Sam_ci

I gave up on doctors, and forgive them. They were not trained to recognize, understand and treat POTS, speaking of which there are no treatment, other than, in MY OPINION, re-training your brain. Accidentally or not, I found out about "amygdala retraining program" ( on CFS site: http://phoenixrising.me/treating-cfs-chronic-fatigue-syndrome-me/living-ii-mindfulness) and it all made sense to me. I watched 2 free sessions. I wish I lived in UK and could actually have a direct sessions with this practitioner. I want my life back and I can't wait to receive the material so I could start. Here is the link to You-tube sessions. First 3 are free, and he recommends to start with session #2.

After reading his "HOW THE CFS SYMPTOMS ARE CREATED"(it was emailed to me) it all makes sense to me, I even cried reading it, for it is describing exactly what I am going through on a daily basis. * An overview of The Amygdala Hypothesis a 'vicious cycle' that, once triggered by severe stressors in people with certain risk factors can perpetuate neurological overstimulation, physiological dysfunction, and many physical symptoms. I exhausted all other options, which I was doing on my own.

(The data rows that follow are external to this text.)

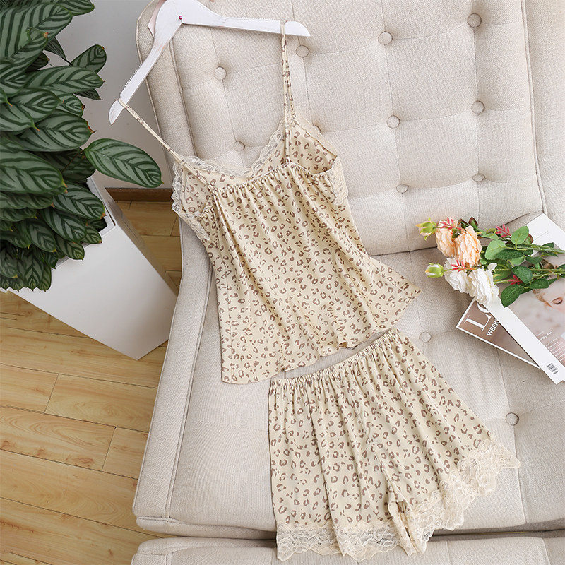 Весенняя летняя пижама, кружевная майка, свежие милые шорты, шелковый комплект для школьников, эффект подтяжки, в корейском стиле, свободный крой
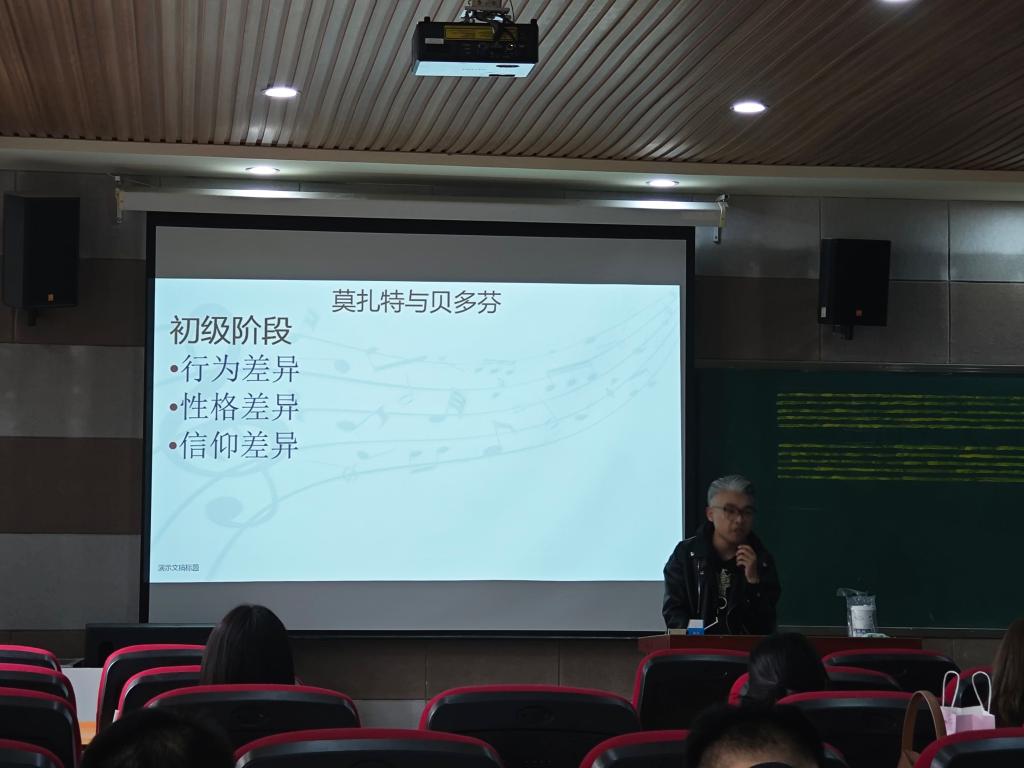 第一阶段教学公开课由钢琴与器乐教研室教师张中卿讲授课程《钢琴》。张中卿融合社会学、美术学、历史学和心理学等多学科知识,通过对莫扎特和贝多芬音乐作品在行为、性格以及信仰三方面进行比较分析,深入浅出地引导学生对音乐的抽象性、音乐的受众群体和音乐的张力三个问题进行思考,授课通俗易懂,气氛活跃。
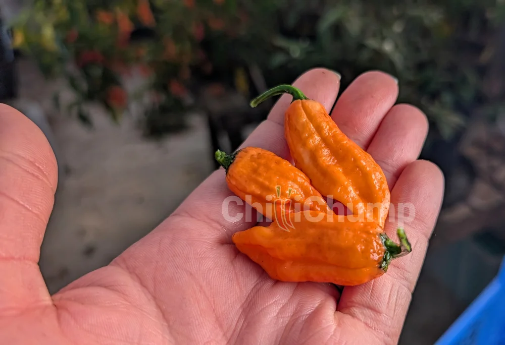 The MA Warthog Orange is a superhot Capsicum chinense bred by Matthew Arthur from a Wartryx Ă— 7 Pot Primo cross. This is an unstable variety, so you can expect variation in pod shape, size, and colour.
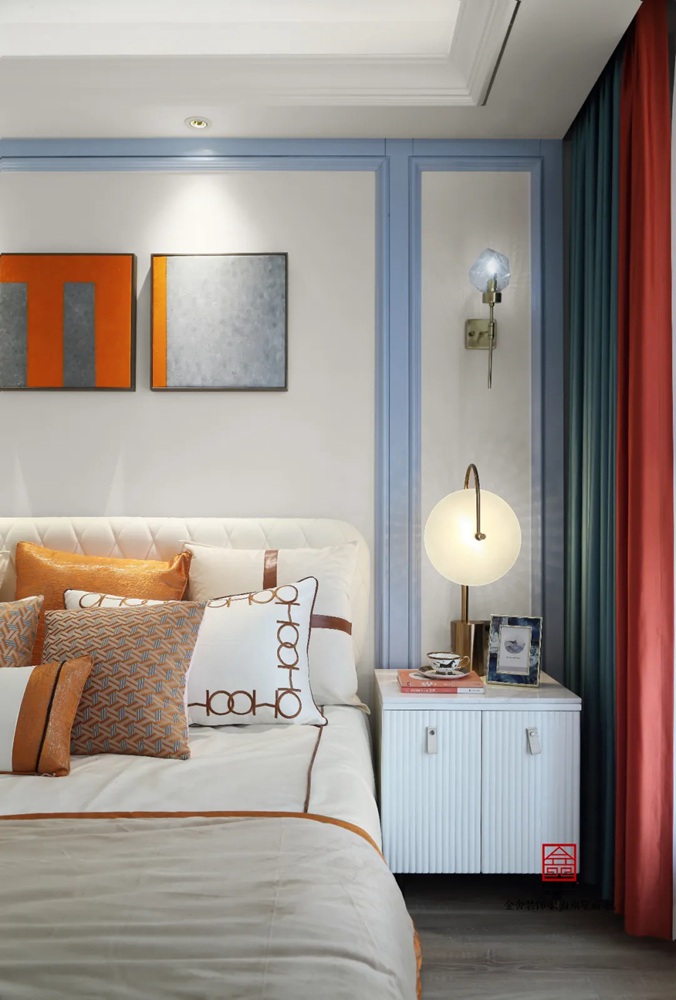 臥室的風(fēng)格,相較于客廳更加的隨意一些,整體色彩與家居的搭配,加上清新曼妙的窗簾,很好的過度了整體色彩。
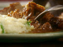 Remove the pot from the oven, transfer the meat to a cutting board and tent with foil to keep it warm. Let the mushrooms and onions stand several minutes undisturbed to allow some of the beef fat to rise to the surface. With a large spoon, skim off the excess fat and discard. With a ladle, add about 1 1/2 cups of the mushrooms and onions with some cooking liquid to the bowl of a blender or food processor. Carefully puree the mixture until very smooth. Pour the puree back into the pot and stir very well until combined; taste and adjust seasoning.
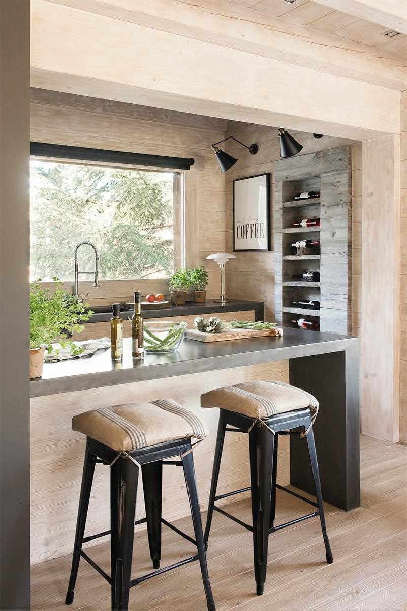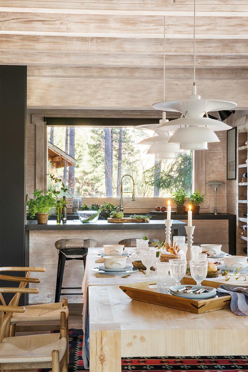La casa como es de suponer, es mayoritariamente de aspecto nórdico, aunque quisieron añadirle piezas de aquí y de allá, como la alfombra del recibidor que proviene de la India. Como el objetivo era disfrutar del exterior, la vivienda es de concepto abierto así comedor, salón y cocina conviven en un mismo espacio, donde además se dispusieron grandes ventanales para no perder de vista el bosque que les rodeaba. Muchos de los muebles así como la casa, fue construida por Vicenç Torrent con ayuda de su padre, constructor y también carpintero, la mesa de la cocina entre muchas otras, es una pieza suya. En esta, se combinó la madera con el microcemento en zonas como la encimera y la península, y en el frente de la nevera también se introdujo paredes de pizarra. El resultado es espectacular, es una de mis partes favoritas de la casa; una cocina pequeña en “U” donde no le falta ni diseño ni funcionalidad.
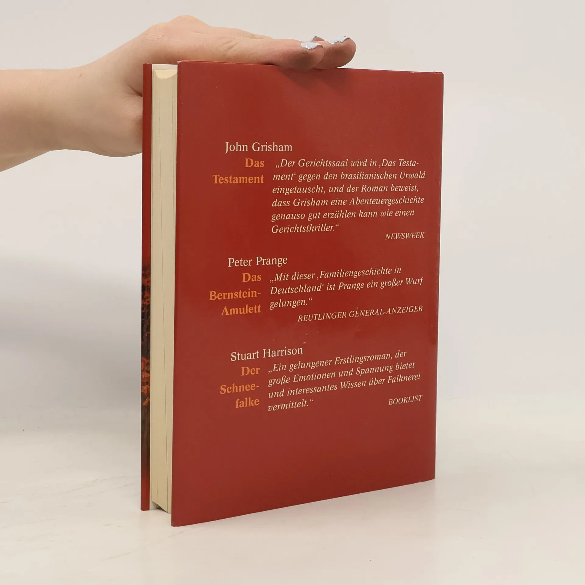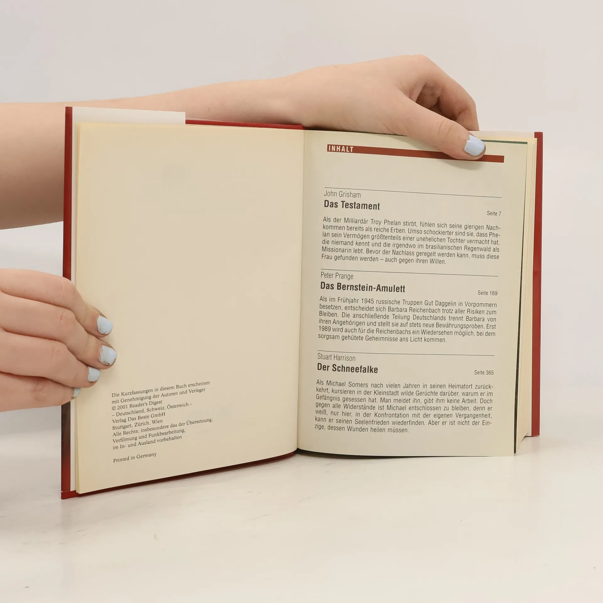 Reader's digest Auswahlbücher: Das Testament. Das Bernsteinamulett. Der Schneefalke, John Grisham, Peter Prange, Stuart Harrison
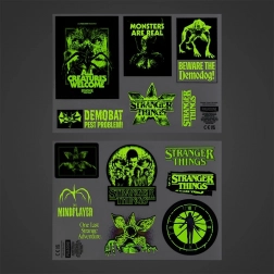Doživite atmosferu Hawkinsa uz ove svjetleće naljepnice Stranger Things. Set sadrži 14 kom naljepnica koje se nakon izlaganja svjetlu zasjaje u mraku i prostorijama, prijenosnicima ili dodacima daju stilski neonski efekt.
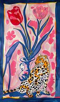 Op de voorgrond zit een majestueuze luipaard met opvallende zwarte stippen en een oranje vacht, rustend in een sierlijke houding. Achter de luipaard staat een vaas met twee grote tulpen, één in een diep rood en de ander in…
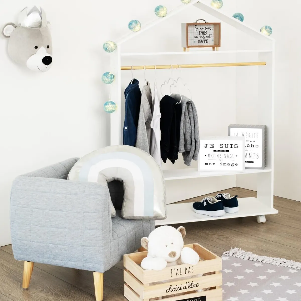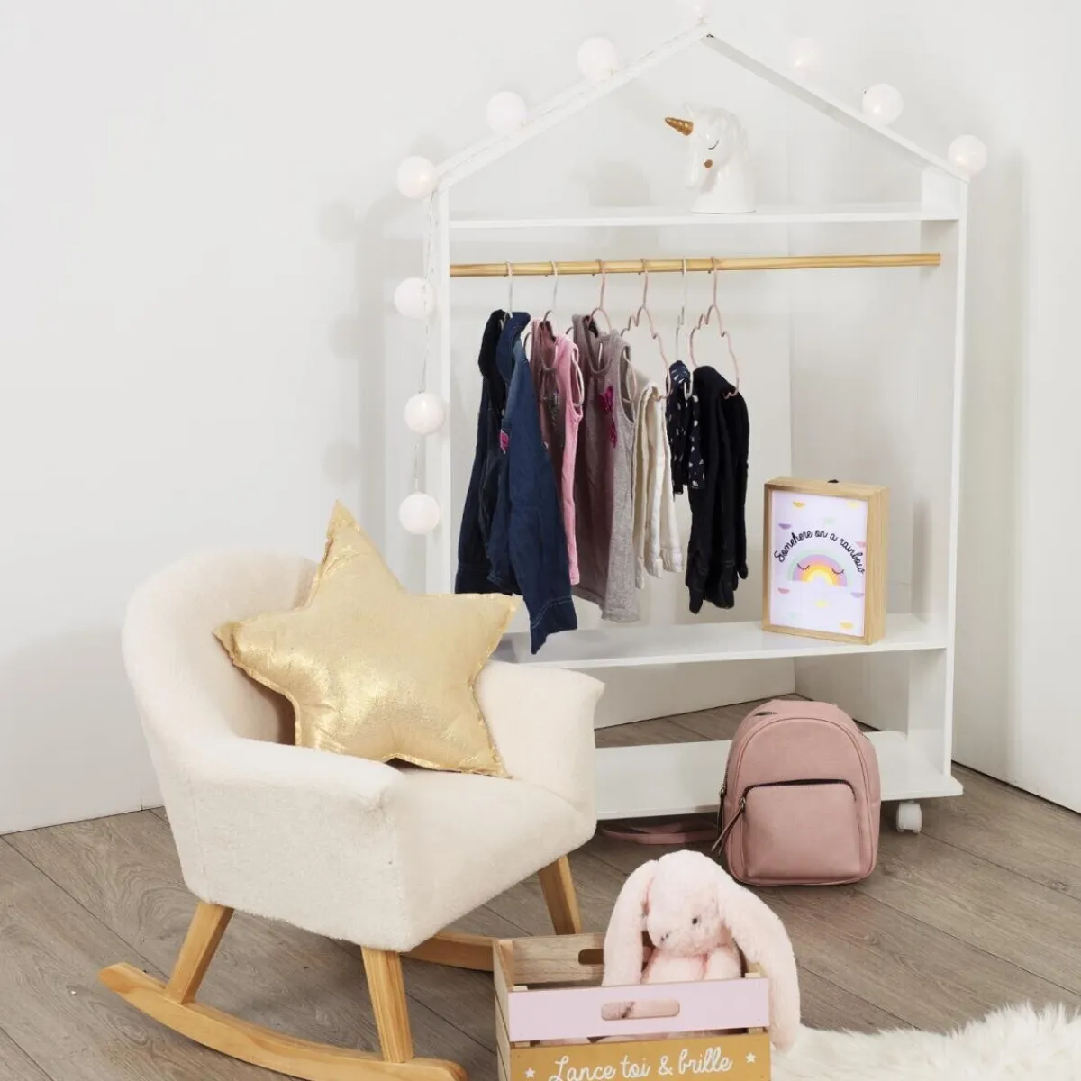 Armario Blanco Con Barra Montessori | Con las soluciones de almacenaje y organización, los niños aprenden desde pequeños que todo tiene su lugar y crecen en espacios organizados. Descubre más propuestas hôma kids en homa.es | Color: Blanco, Natural | Medidas: 126x39x78cm | Material: Mdf | Marca: Atmosphera4Kids
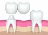 > Le bridge collé : l’élément remplaçant la dent manquante est collé sur les faces intérieures des dents adjacentes (piliers) grâce à deux ailettes métalliques.
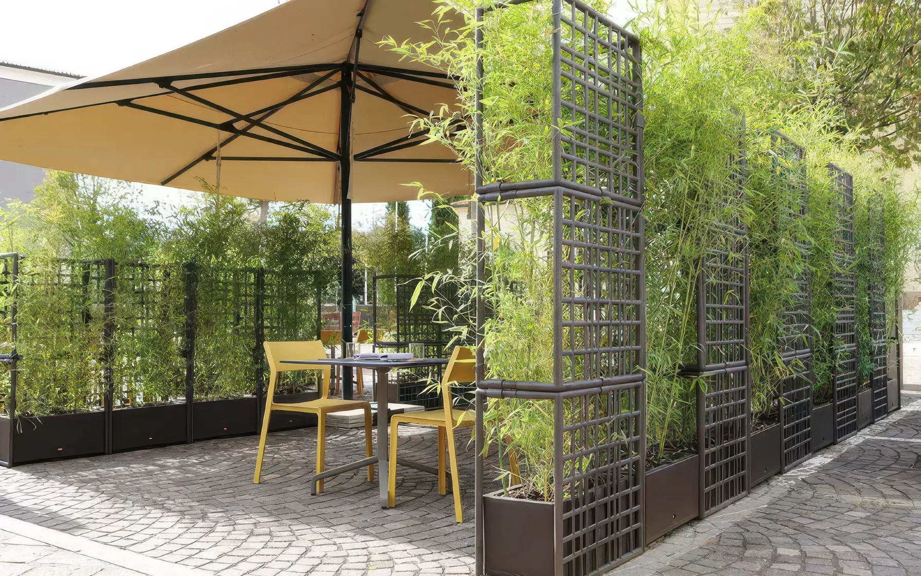 SIPARIO 3 to zaawansowany system modułowych ścianek działowych włoskiej marki Nardi, zaprojektowany specjalnie do aranżacji przestrzeni zewnętrznych. Wykonany z regenerowanego polipropylenu, wyróżnia się asymetrycznym wzorem siatki oraz wyjątkową stabilnością, dzięki czemu doskonale sprawdza się w ogrodach, na tarasach, patio oraz w przestrzeniach komercyjnych.
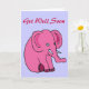 Funny cartoon pink elephant get well card says: If you can see me, you've had a little too much medicine.

Here is the link to free 3 hours sessions. He recommends to start with session #2. Also, there is a session for MCS, multiple chemical sensitivity, which I happen to have . I have not watched it yet.

I am starting this 6 mo program. It is for CFS/Fibromialgia, but I belief POTS fits into it as well. http://www.guptaprogramme.com/html/contact.asp. Also, I am starting BSFF, as I believe it will complement, the amygdala re-training.

Increased Levels of Circulating Vasodilators - Stewart, Khan and Spence and now Shibao propose the orthostatic intolerance found in some CFS patients is not due to ANS abnormalities but to increased levels of vasoactive products. Vasoactive products are able to alter how the vasculature – the blood vessels – function. As the first two papers on orthostatic tolerance on this website demonstrated POTS patients appear to have disturbed blood vessel functioning (inappropriately increased or decreased vasoconstriction). Several researchers have believed this is likely due to autonomic nervous system dysfunction but these Stewart, Khan and Spence don’t think so. Read more: http://phoenixrising.me/research-2/the-perils-of-standing-orthostatic-intolerance-and-chronic-fatigue-syndrome-mecfs-i-the-evidence/the-perils-of-standing-orthostatic-intolerance-in-chronic-fatigue-syndrome-mecfs-iii-possible-causes

I have found a good article about low blood volume in people with POTS-CFS. http://phoenixrising.me/research-2/the-perils-of-standing-orthostatic-intolerance-and-chronic-fatigue-syndrome-mecfs-i-the-evidence/the-perils-of-standing-orthostatic-intolerance-in-chronic-fatigue-syndrome-mecfs-ii-types

I take valium when I have to accomplish something big such as flying (I just moved), going places where I have to wait in lines, etc. Interesting. that 1 took 1/4 of Valium twice on my 1hr 20 min flight (plus usual time at the airports), rented a car, drove 2 hrs with the help of a Navigator. The whole trip took 7 hours and I made all by myself. Was not easy, lots of sniffing of "Panic button" , controlled breathing, etc. But I made it. Valium smooths brain overstimulation. Now just thought of going to a grocery store terrifies me. I hear somewhere that colored glasses might help with that. I go to BodyTalk sessions, do Pranayama breathing as well as fire breathing plus meditations. Time will tell. It seems that early mornings I feel better.

I can't believe it, this is EXACTLY how I feel. I mean EXACTLY.